На другой день все веселоозерские хозяева вышли имать оленей. Иманье тянулось больше двух недель. Колян недосчитался в своем стаде одного оленя, зато был приплод — три теленка. В Хибины он приехал в конце сентября. В школе уже занимались и сильно мерзли. Колян принялся возить дрова сразу на двух упряжках.

2

Восьмого ноября 1917 года по телеграфным проводам, натянутым вдоль Мурманской железной дороги, промчалось написанное Владимиром Ильичем Лениным обращение:

К ГРАЖДАНАМ РОССИИ!

Временное правительство низложено. Государственная власть перешла в руки органа Петроградского Совета рабочих и солдатских депутатов — Военно-революционного комитета, стоящего во главе петроградского пролетариата и гарнизона.

Дело, за которое боролся народ: немедленное предложение демократического мира, отмена помещичьей собственности на землю, рабочий контроль над производством, создание Советского правительства, это дело обеспечено.

Да здравствует революция рабочих, солдат и крестьян!

Получил это обращение и Хибинский совдеп. По поселку снова прошла демонстрация с красными флагами. Но с другими лозунгами: «Пролетарии всех стран, соединяйтесь!», «Вся власть Советам!», «Да здравствует товарищ Ленин!», «Мир хижинам, война дворцам!».

И пели на демонстрации другое:
Вставай, проклятьем заклейменный,
Весь мир голодных и рабов!
Кипит наш разум возмущенный
И в смертный бой вести готов…

Крушенец снова был впереди и сильней прежнего размахивал красным флажком.

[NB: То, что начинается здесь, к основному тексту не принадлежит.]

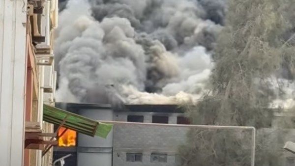 وتبين تصاعد سحابات سوداء من الأدخنة جراء الحريق وأن النيران اشتعلت في أحد مصانع بالقطعة 178 امتداد الصناعية الثالثة.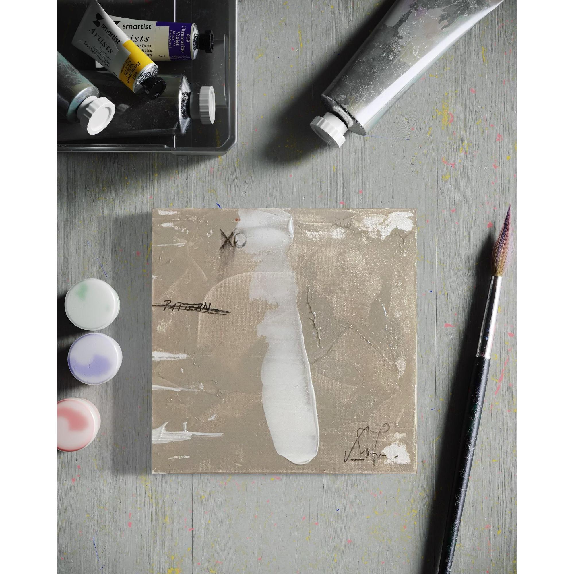 A mysterious blend of subtle textures and muted tones, this painting whispers quiet secrets through its gentle layers. Soft brushstrokes and diffused hues merge into one another, creating a surface that feels both serene and enigmatic. The restrained palette—cool greys, warm neutrals, and faint traces of color—suggests an atmosphere suspended between silence and memory. Each mark carries intention yet resists definition, inviting the viewer to pause, to sense rather than to see. It is a work that unfolds slowly, revealing its essence not in boldness, but in quiet persistence—like a secret shared only with those who truly listen.
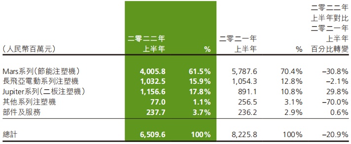 报告期内,海天国际三大系列产品收入表现分化并不令人意外。据悉,国内房地产市场需求放缓对家电、日用品、建材和包装等行业产生较大影响,公司的Mars系列销售情况不理想,因而业绩大幅走低;而长飞亚电动系列则受到汽车和其他行业的综合影响,降幅相对较小。

После демонстрации он пришел в школу, сперва поговорил с заведующим, потом завернул к Коляну и сказал:

— Произошла другая революция. Видел демонстрацию? Слышал, что пели?

— Сам ходил, сам слушал. Плохо понимаю, зачем другая революция.

— Первая была для богатых, а эта наша, бедняцкая. Готовь оленей, поедем делать революцию!

— Куда поедем?

— По всей Лапландии.

— А кто будет топить печки?

— Пусть топят кому холодно. Истопят школьники.

— Верно, верно, — согласился Колян. Его сильно удивляли школьные порядки: большие ребята, которые дома пилят дрова, топят печи и камельки, убирают снег, в школе ничего такого не делают, а только читают да пишут.

— Готовь две упряжки и побольше сухарей! Поедем надолго, — предупредил Крушенец.

Колян не стал противиться: он любил ездить да и посмотреть, как делают революцию, было интересно.

Поездка была задумана Хибинским Советом рабочих и солдатских депутатов с целью самого широкого оповещения жителей тайги и тундры, что Временное правительство свергнуто, в России установилась Советская власть во главе с Лениным. Уполномоченными от Совета — вестниками новой власти, новой жизни — ехали Крушенец и Спиридон, ямщиками — Колян и Авдон — Глупы Ноги.